** Assigned task **
When you reach the line below that has "- Matte black", start returning lines exactly, and stop after the line that has "CSGT dừng xe"; skip the pictures.

** Data **

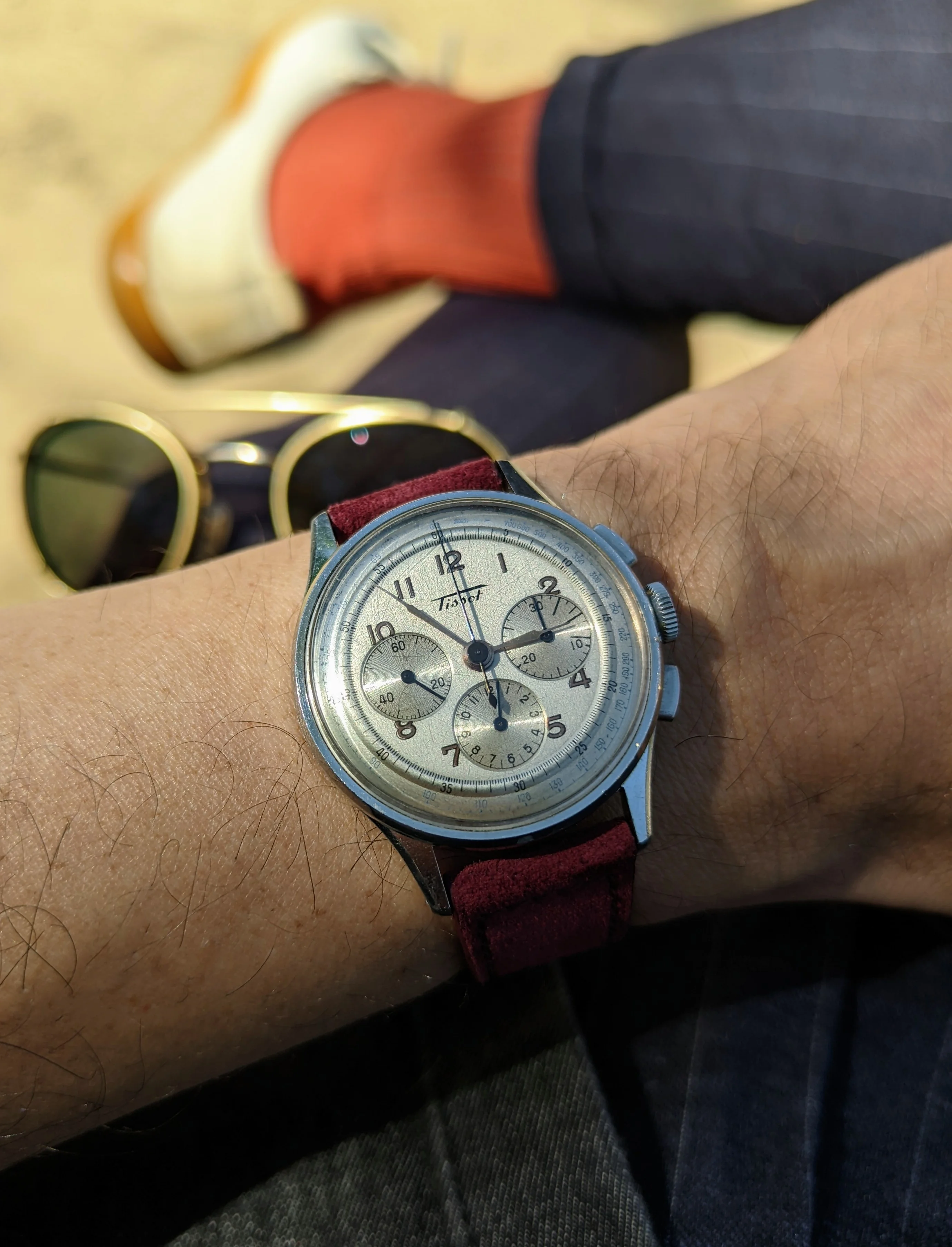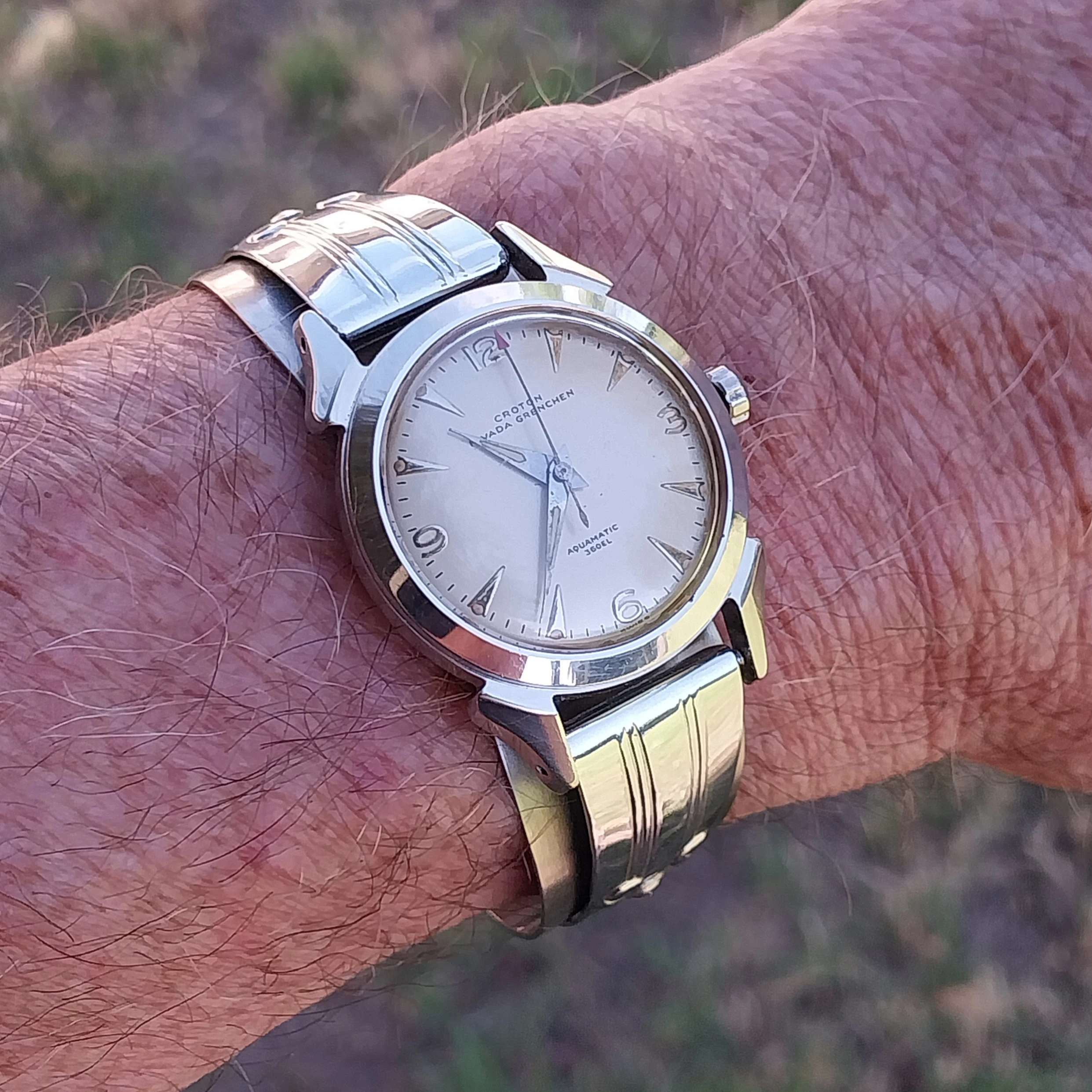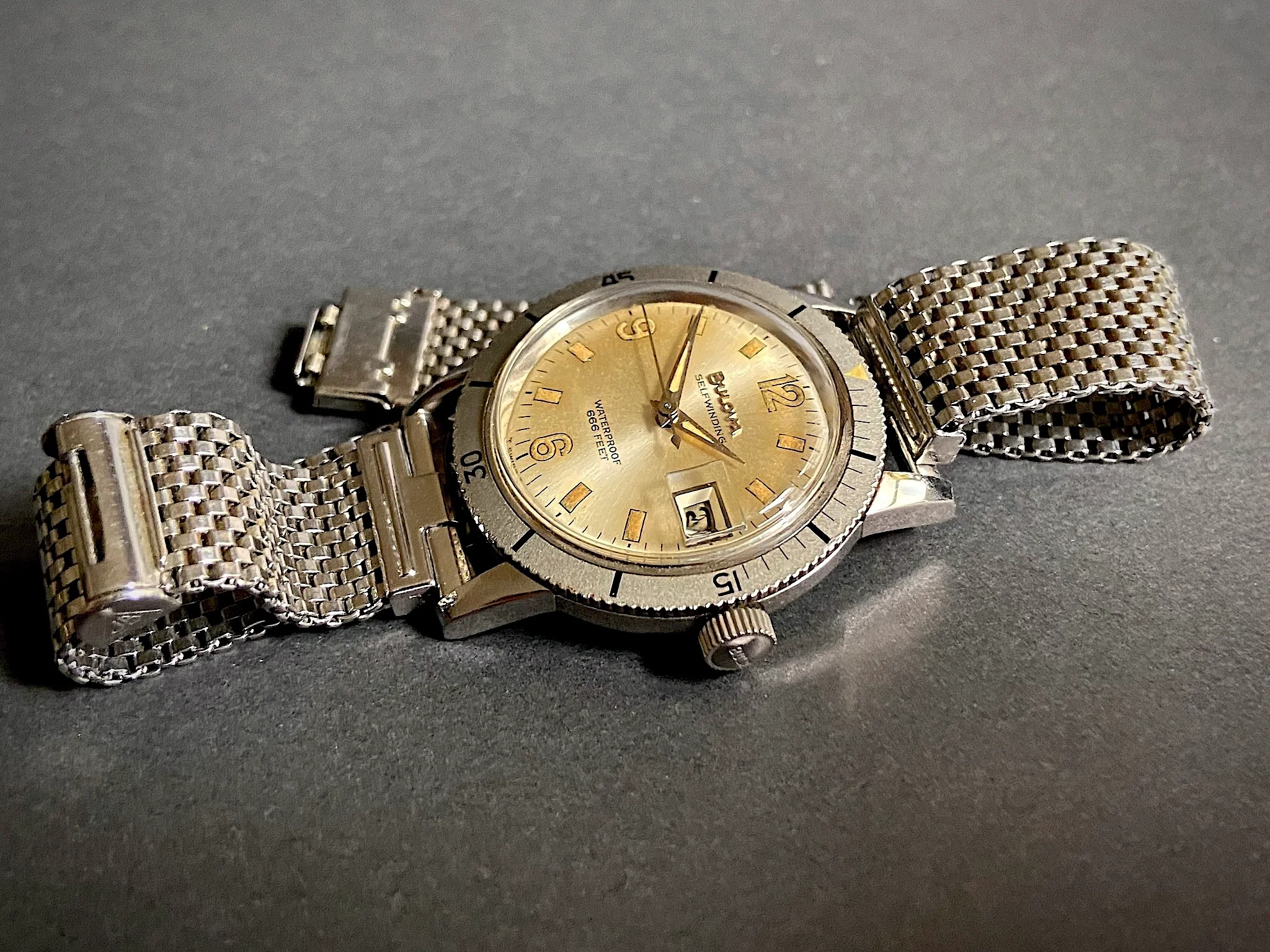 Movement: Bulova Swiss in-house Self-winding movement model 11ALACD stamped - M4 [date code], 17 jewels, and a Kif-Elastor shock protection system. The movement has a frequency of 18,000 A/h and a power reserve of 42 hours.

--

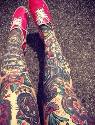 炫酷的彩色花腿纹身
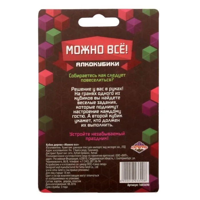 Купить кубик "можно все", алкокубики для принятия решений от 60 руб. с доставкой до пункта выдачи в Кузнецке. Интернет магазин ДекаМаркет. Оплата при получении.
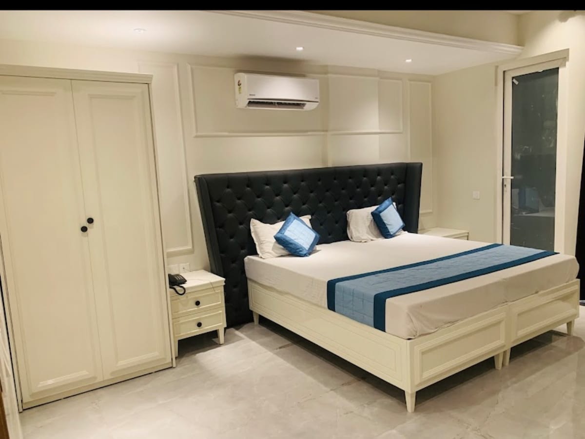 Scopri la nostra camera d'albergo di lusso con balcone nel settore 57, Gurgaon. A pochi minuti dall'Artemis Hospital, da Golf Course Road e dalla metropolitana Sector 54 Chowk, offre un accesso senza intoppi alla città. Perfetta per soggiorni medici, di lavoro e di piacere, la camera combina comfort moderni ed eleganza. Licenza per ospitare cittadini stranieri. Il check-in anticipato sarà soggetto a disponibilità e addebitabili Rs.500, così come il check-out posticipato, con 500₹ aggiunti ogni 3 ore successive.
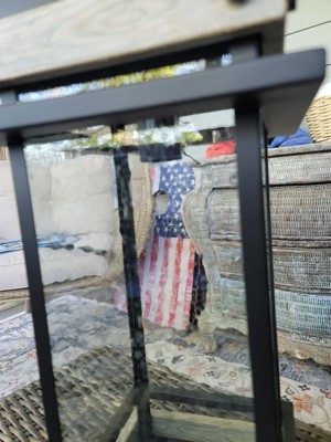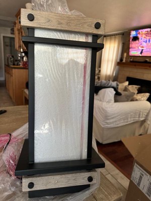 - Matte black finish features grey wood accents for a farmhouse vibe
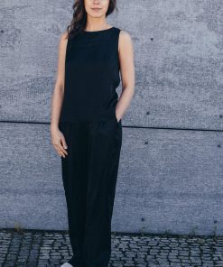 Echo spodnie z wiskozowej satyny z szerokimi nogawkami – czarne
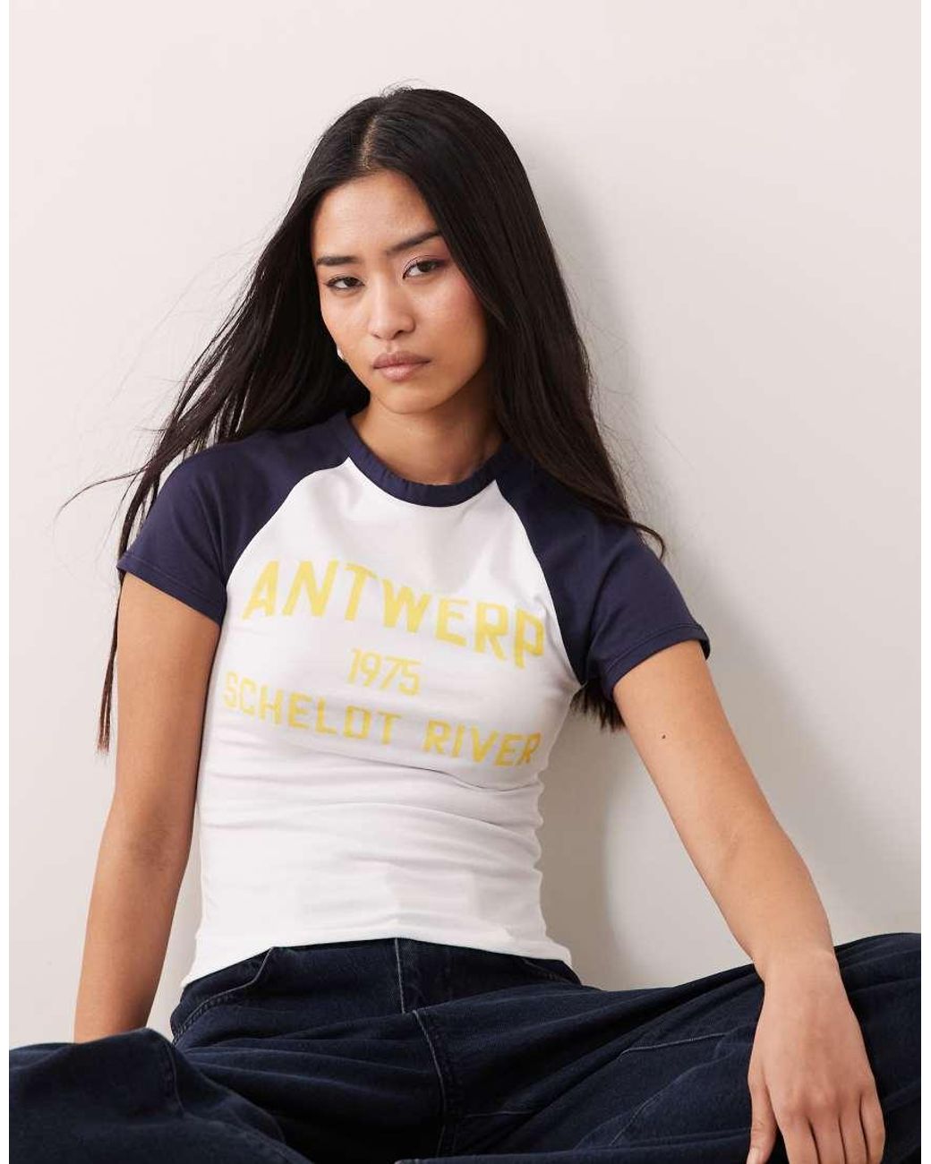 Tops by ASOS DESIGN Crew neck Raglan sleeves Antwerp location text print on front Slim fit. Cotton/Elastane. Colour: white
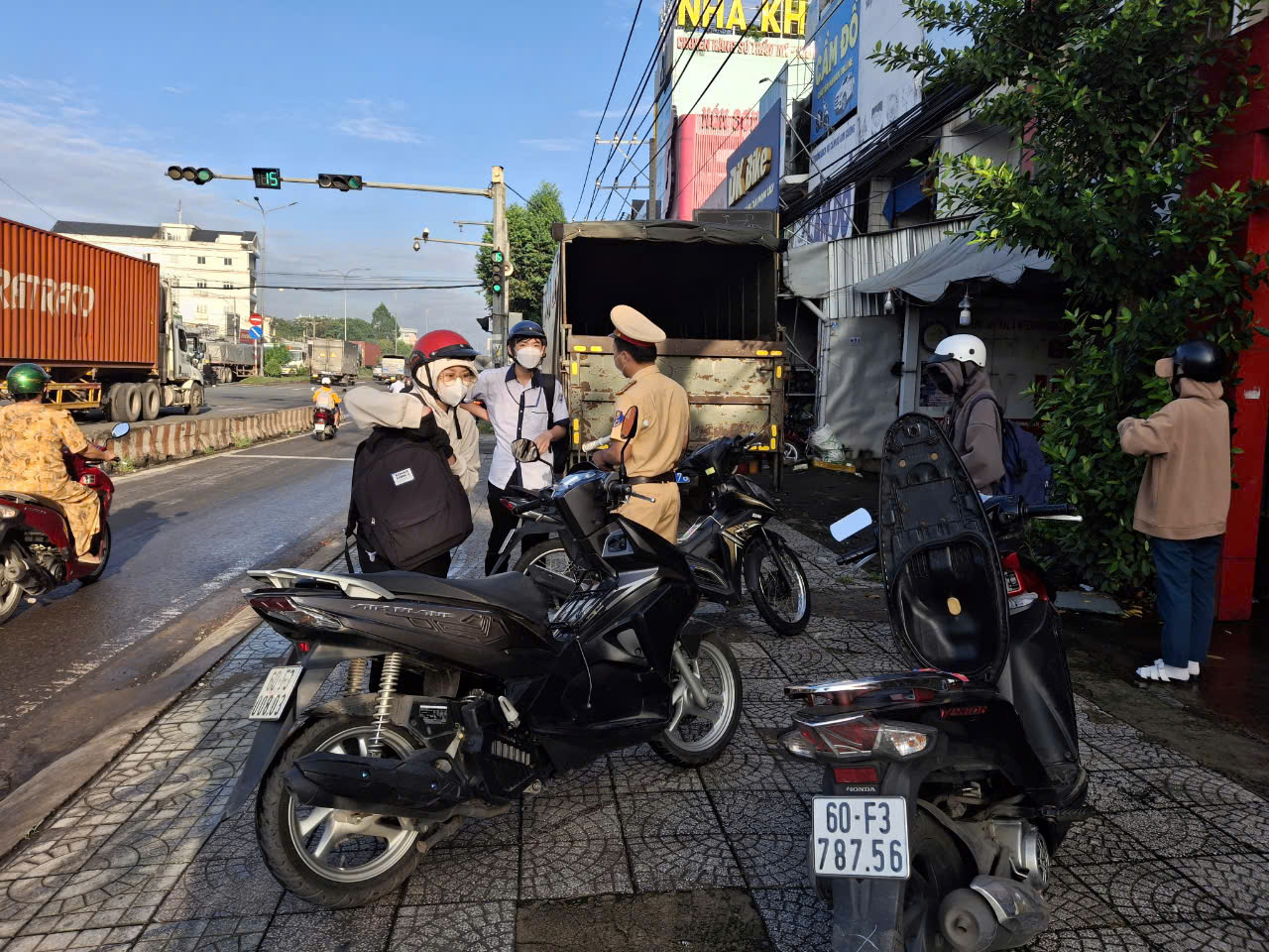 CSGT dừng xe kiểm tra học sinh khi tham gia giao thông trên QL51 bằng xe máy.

** Reply to the task **
 - Matte black finish features grey wood accents for a farmhouse vibe
 Echo spodnie z wiskozowej satyny z szerokimi nogawkami – czarne
 Tops by ASOS DESIGN Crew neck Raglan sleeves Antwerp location text print on front Slim fit. Cotton/Elastane. Colour: white
 CSGT dừng xe kiểm tra học sinh khi tham gia giao thông trên QL51 bằng xe máy.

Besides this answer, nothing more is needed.